──────── Supplied material

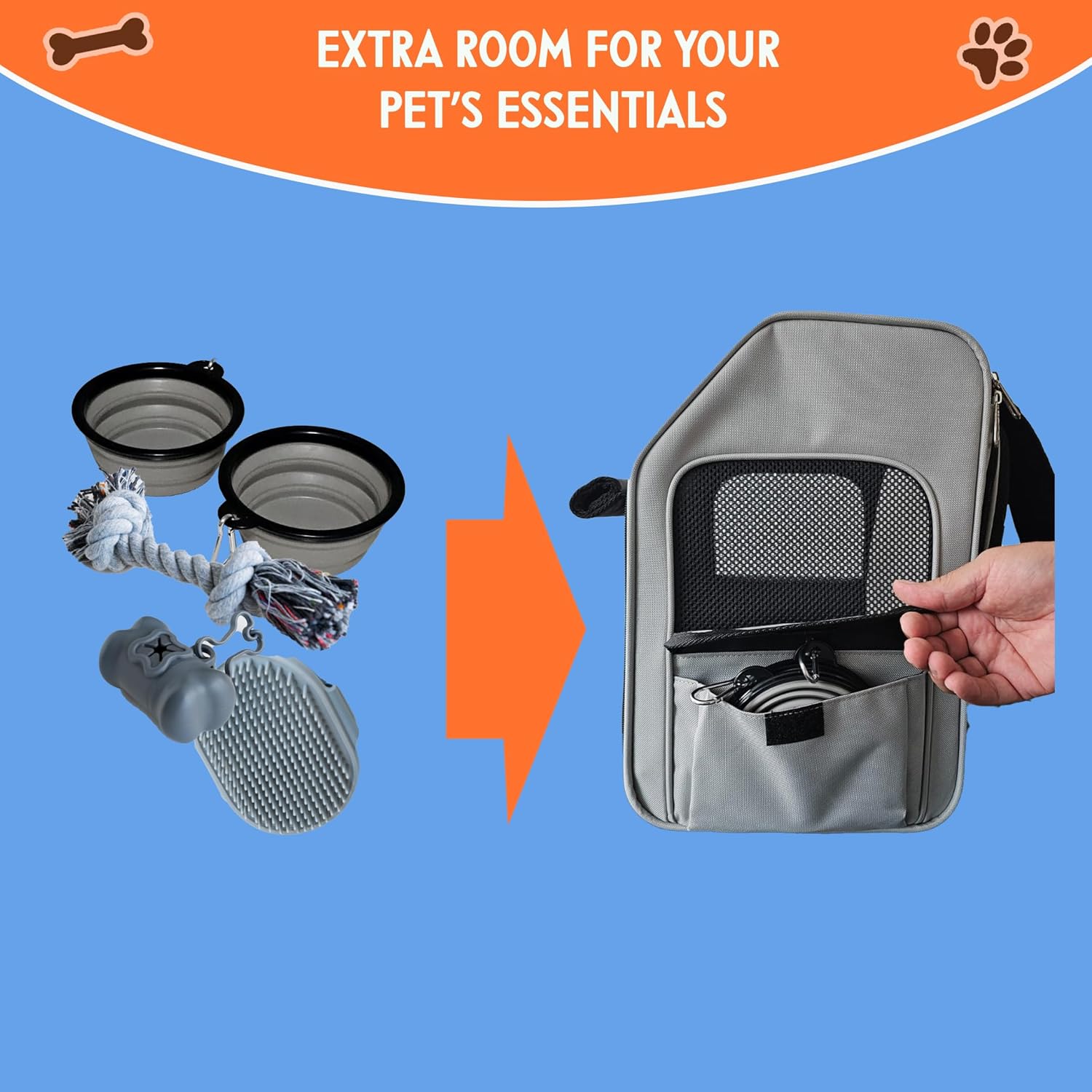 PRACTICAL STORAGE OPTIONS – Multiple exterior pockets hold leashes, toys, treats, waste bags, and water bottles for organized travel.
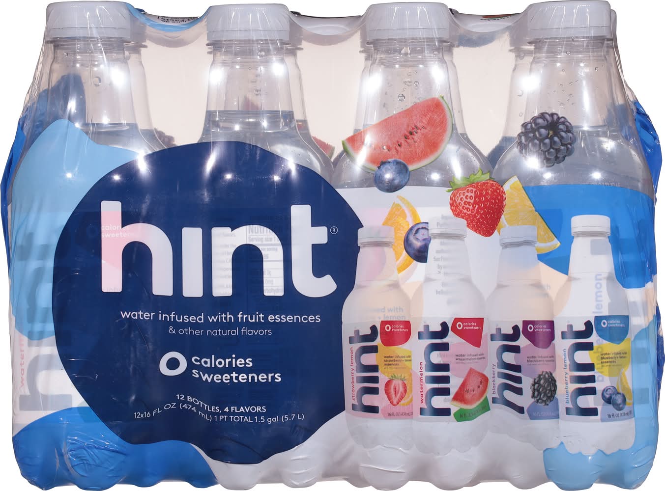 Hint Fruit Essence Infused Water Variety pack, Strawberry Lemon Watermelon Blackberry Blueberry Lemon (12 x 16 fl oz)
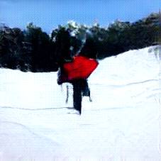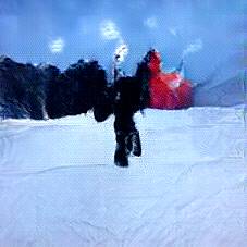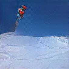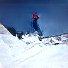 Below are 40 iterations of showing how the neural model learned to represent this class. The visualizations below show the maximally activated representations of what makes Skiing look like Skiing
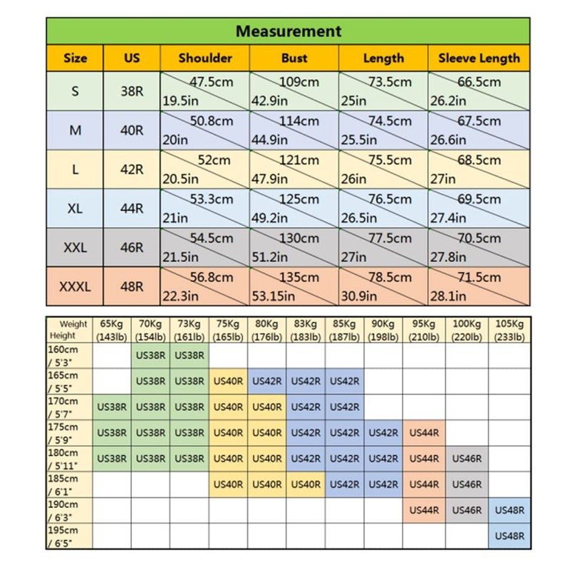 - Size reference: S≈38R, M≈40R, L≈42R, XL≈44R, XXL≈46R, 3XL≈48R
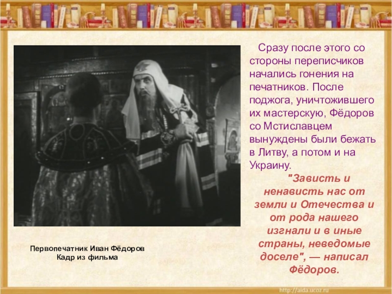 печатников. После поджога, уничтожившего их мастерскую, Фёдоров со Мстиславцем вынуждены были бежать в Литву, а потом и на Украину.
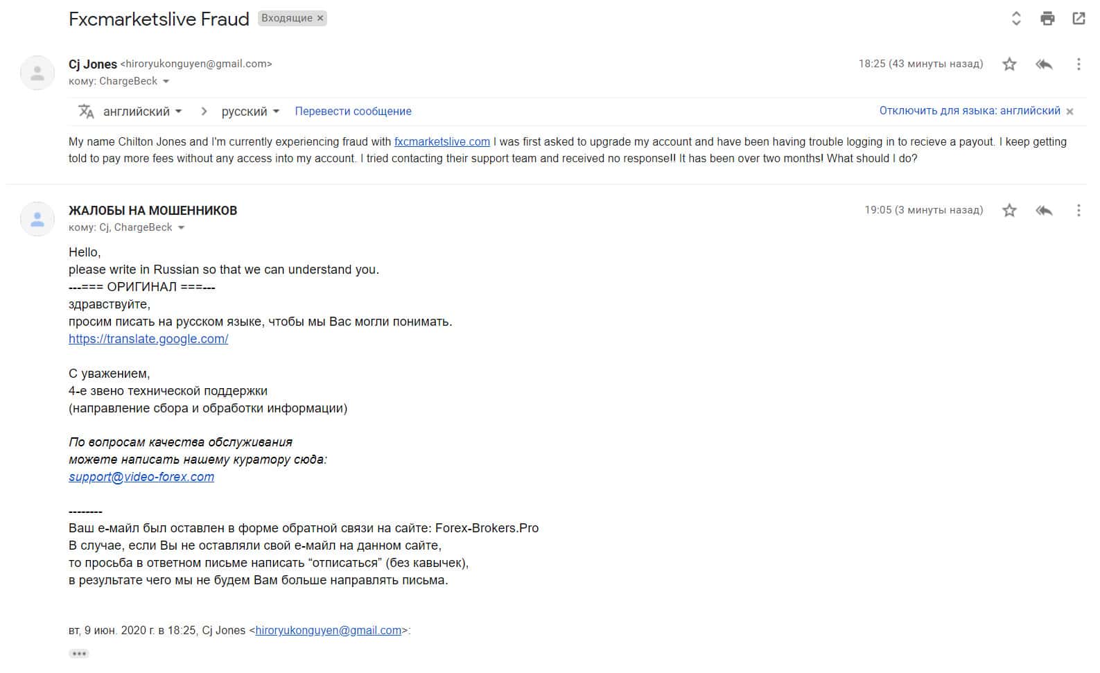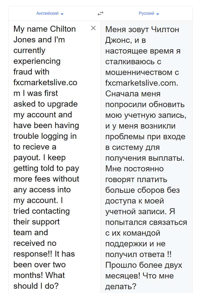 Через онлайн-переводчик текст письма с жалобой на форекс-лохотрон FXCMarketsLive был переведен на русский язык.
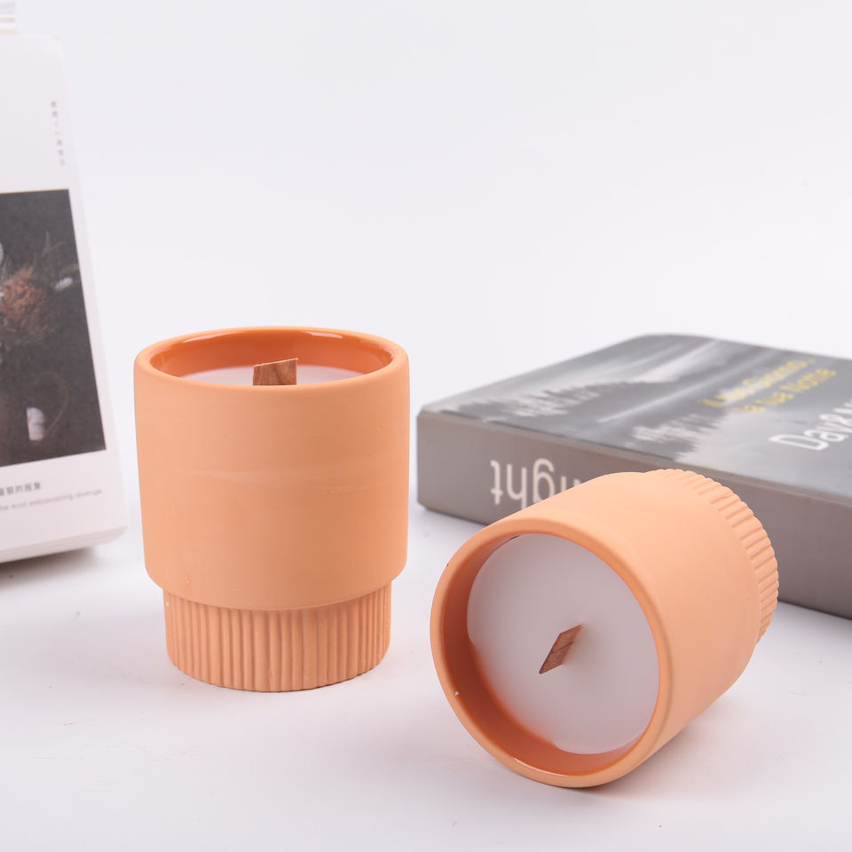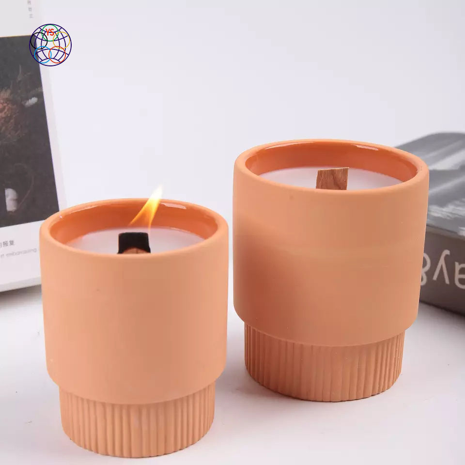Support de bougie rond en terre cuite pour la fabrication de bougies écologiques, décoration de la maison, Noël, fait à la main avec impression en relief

────────────────

Problem description:
Leave every picture out, and transcribe the data above exactly as it reads.

Reply:
 PRACTICAL STORAGE OPTIONS – Multiple exterior pockets hold leashes, toys, treats, waste bags, and water bottles for organized travel.
 Hint Fruit Essence Infused Water Variety pack, Strawberry Lemon Watermelon Blackberry Blueberry Lemon (12 x 16 fl oz)
 Below are 40 iterations of showing how the neural model learned to represent this class. The visualizations below show the maximally activated representations of what makes Skiing look like Skiing
 - Size reference: S≈38R, M≈40R, L≈42R, XL≈44R, XXL≈46R, 3XL≈48R
 печатников. После поджога, уничтожившего их мастерскую, Фёдоров со Мстиславцем вынуждены были бежать в Литву, а потом и на Украину.
 Через онлайн-переводчик текст письма с жалобой на форекс-лохотрон FXCMarketsLive был переведен на русский язык.
Support de bougie rond en terre cuite pour la fabrication de bougies écologiques, décoration de la maison, Noël, fait à la main avec impression en relief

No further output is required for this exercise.